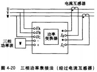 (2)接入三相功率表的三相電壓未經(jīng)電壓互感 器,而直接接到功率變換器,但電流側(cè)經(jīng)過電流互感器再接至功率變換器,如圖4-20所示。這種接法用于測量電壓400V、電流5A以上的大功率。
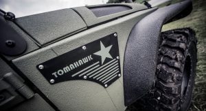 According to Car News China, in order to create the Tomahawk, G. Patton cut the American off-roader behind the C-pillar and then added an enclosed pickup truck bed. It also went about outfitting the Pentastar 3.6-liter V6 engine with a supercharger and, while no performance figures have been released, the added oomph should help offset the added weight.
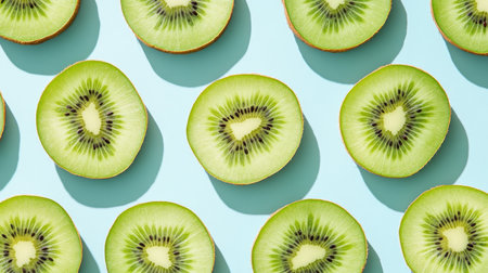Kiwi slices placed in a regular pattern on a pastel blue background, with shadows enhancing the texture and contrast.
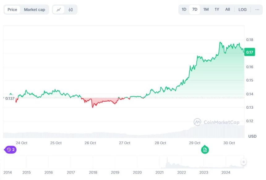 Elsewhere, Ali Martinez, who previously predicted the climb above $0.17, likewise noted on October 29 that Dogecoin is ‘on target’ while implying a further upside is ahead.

==*==

The answer must be an exact copy of the lines from the one that holds "Kiwi slices placed" through the end of the data, both included, with no pictures.

Kiwi slices placed in a regular pattern on a pastel blue background, with shadows enhancing the texture and contrast.
 Elsewhere, Ali Martinez, who previously predicted the climb above $0.17, likewise noted on October 29 that Dogecoin is ‘on target’ while implying a further upside is ahead.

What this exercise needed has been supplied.